# Savage 16/116 300 Win Mag



## Sawbillslayer (Oct 24, 2013)

I am having a real hard time getting this rifle to group. I have been shooting factory loads through it and different brands with different weighted bullets. I don't know what is going on. I usually can get rifles to shoot relatively well with factory loads once I find the brand and weight the rifles likes. Any input would be great. Thank you in advance.


----------



## 30-06-hunter (Sep 22, 2013)

3 words, it's a 300. But seriously, you will find that more than a few guys have had issues with their 300 at the range. And by the way, switching up a lot like that is usually a bad thing.


----------



## Critter (Mar 20, 2010)

What size of a group are you shooting now and what do you expect. There are some rifles out there that are just hunting rifles and will never shoot less than a 2" group, and then there are those that are tack drivers right out of the box.


----------



## Sawbillslayer (Oct 24, 2013)

I am shooting about a six inch group at 100 yards.  At 100 yards I thought I would be closer to an inch. I have a 7mm and I can make the bullet holes touch at two hundred yards. I have never had a problem with getting a rifle to group it just boggles my mind.


----------



## DallanC (Jan 13, 2009)

And you've checked the obvious like loosened scope mounts, stock screws etc etc? The scope is a known good scope?


-DallanC


----------



## Sawbillslayer (Oct 24, 2013)

30-06-hunter can you tell me why switching up a lot is not a good thing? I have done this with all my rifles to see what factory loads it shoots the best. Then I stick with that load and that load only.

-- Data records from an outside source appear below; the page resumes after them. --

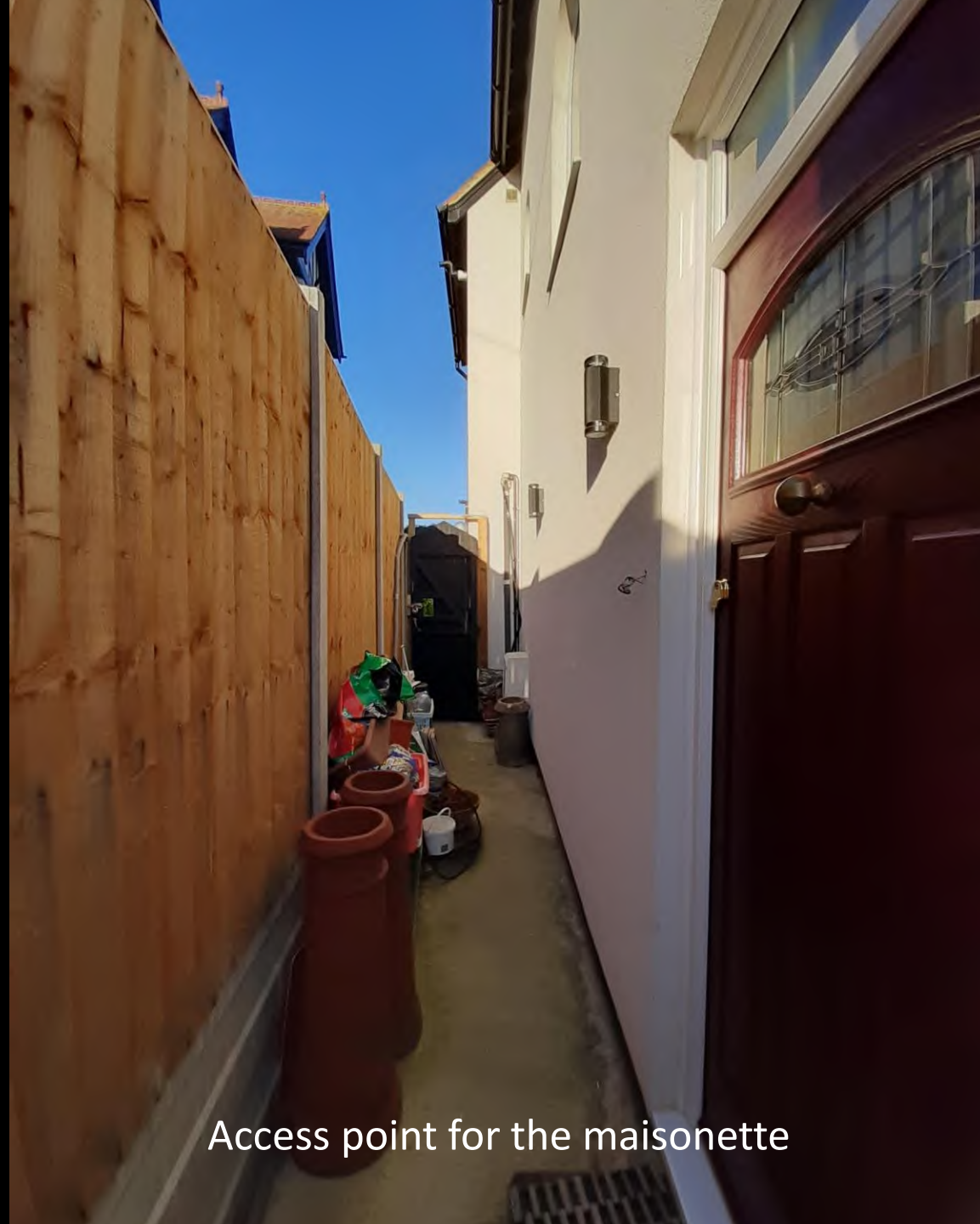
Access point for the maisonette
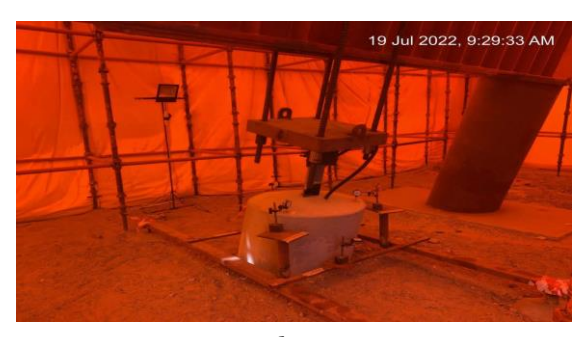
Routine Testing at Lab
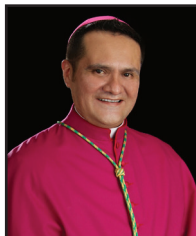
The Most Reverend Arturo Cepeda Auxiliary Bishop of Detroit "Path to the New Evangelization"
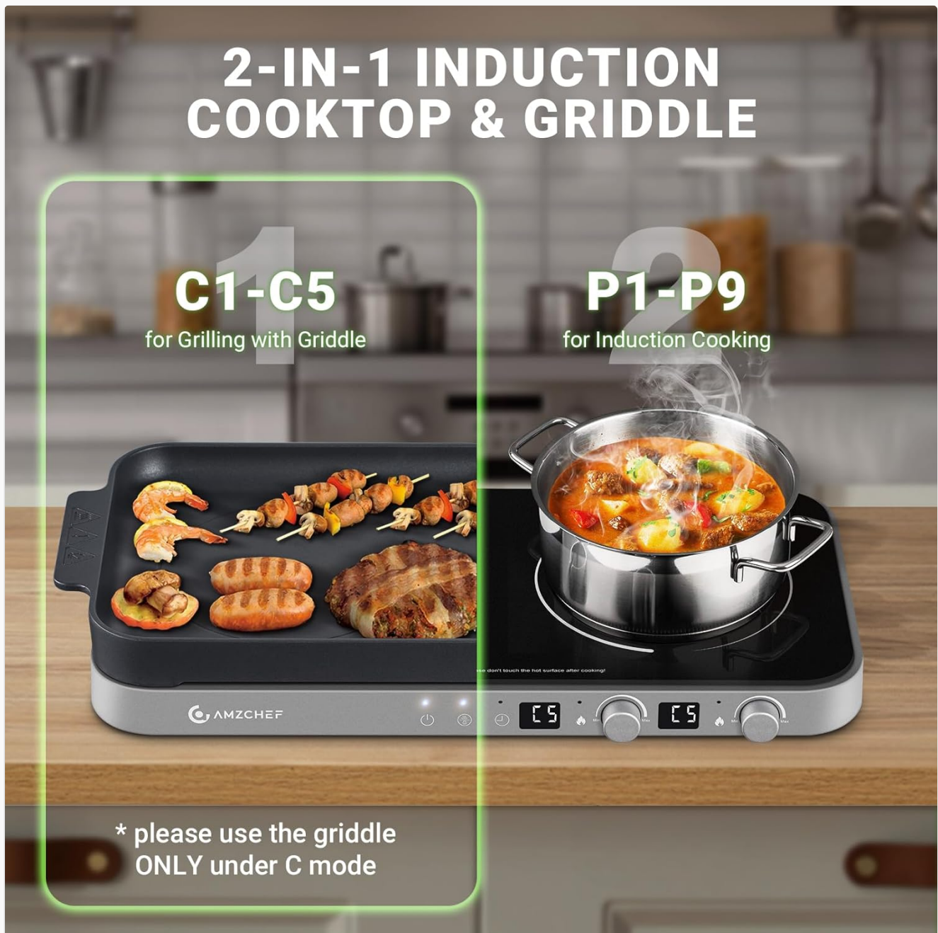
Image: Diagram illustrating the 2-in-1 functionality, showing the griddle used with C1-C5 modes and induction cooking with P1-P9 modes. Note: Griddle use is only under C mode.
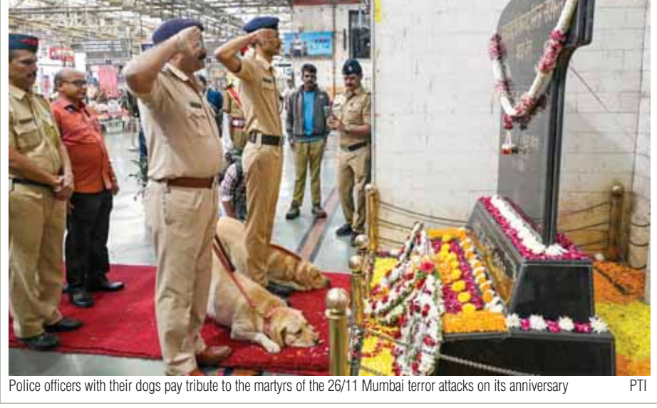
Police officers with their dogs pay tribute to the martyrs of the 26/11 Mumbai terror attacks on its anniversary

For instance my 243 shoots 100 grain winchester ammo better, my 7mm shoots 175 grain federal better and when I had a 300 WSM it would shoot 180 grain remington better. In my eyes it just like developing a load at the bench and finding which one shoots better out of your gun.


----------



## Sawbillslayer (Oct 24, 2013)

Dallan I have a vortex diamond back scope and have checked the mounts and everything. They were loose and I thought I found the problem but it still will not shoot good groups. Also have checked screws and anything that I could think of.


----------



## 30-06-hunter (Sep 22, 2013)

Sawbillslayer said:


> 30-06-hunter can you tell me why switching up a lot is not a good thing? I have done this with all my rifles to see what factory loads it shoots the best. Then I stick with that load and that load only. For instance my 243 shoots 100 grain winchester ammo better, my 7mm shoots 175 grain federal better and when I had a 300 WSM it would shoot 180 grain remington better. In my eyes it just like developing a load at the bench and finding which one shoots better out of your gun.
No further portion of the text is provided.